By integrating big data analytics with population health management, we are able to access both behavioral risk and patient engagement, as well as clinical risk. Better visibility into patient behavior has allowed plans to determine the major barriers to sustained member health, compliance, satisfaction and retention and to subsequently create strategies designed to improve patient engagement and drive better outcomes through greater efficiency.

Looking into my crystal ball, here are the three biggest barriers to member engagement and improved outcomes:

Language and Ethnic Disparity 
Plans need to keep close tabs on members who are non-English speakers or where English is not their primary language. A population health management program can help identify members who are at highest risk for adverse outcomes (across clinical, compliance, retention and satisfaction domains), segment those individuals, and identify socioeconomic, demographic, ethnic or health seeking barriers that can impact outcomes.

For instance, a member who is consistently visiting out-of-network doctors may be doing so in order to consult with a physician who speaks his or her language, not knowing that the plan may have doctors that speak their language. If a plan can identify these individuals upfront, they can find and recommend a physician within their network who speaks the member’s language and head off a plan defection.

Population health analytics tell us that:

• Non-English speakers who are in special needs plans are 70% more likely to disenroll than English language speakers;
• Non-English speakers who are higher risk for disenrollment and who have significant out-of-network usage have a 20% higher voluntary disenrollment rate;
• Lower income non-English and non-Spanish speaking members are 10% less likely to get their regular preventive screenings.

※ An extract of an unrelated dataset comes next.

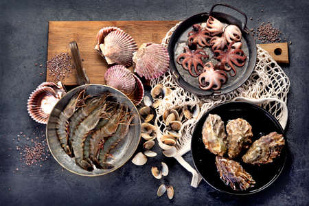 Fresh seafood arrangement on dark background. Mediterranean diet concept. Flat lay, top view

Once members are segmented according to their behavioral risk, primary language and barrier to engagement, the plan can begin communicating with these individuals in that language to address their specific barriers. This will go a long way towards ensuring plan loyalty. In a recent blog posting, HealthFirst, a for-profit plan serving a culturally and ethnically diverse population in Downstate New York, said that its biggest challenge in contacting these individuals is making sure that they have translated content. They make a point of reaching out to members in their primary languages — English, Spanish, Chinese dialects, and Russian — so that they can better engage with them and positively influence their health outcomes.

Access
Both proximity to healthcare providers and available transportation also can have a significant impact on member compliance, adherence and retention. Higher risk members that live farther away from their PCP are 15% more likely to leave the plan voluntarily and 8% less likely to get their recommended diabetic screenings

Here again, population health analytics can help. Identifying the higher risk members and then segmenting them by geography can help determine which individuals live the greater distances from their primary care physician and care team (including pharmacy). Health plans can address this barrier directly by recommending providers who are closer or by offering transportation.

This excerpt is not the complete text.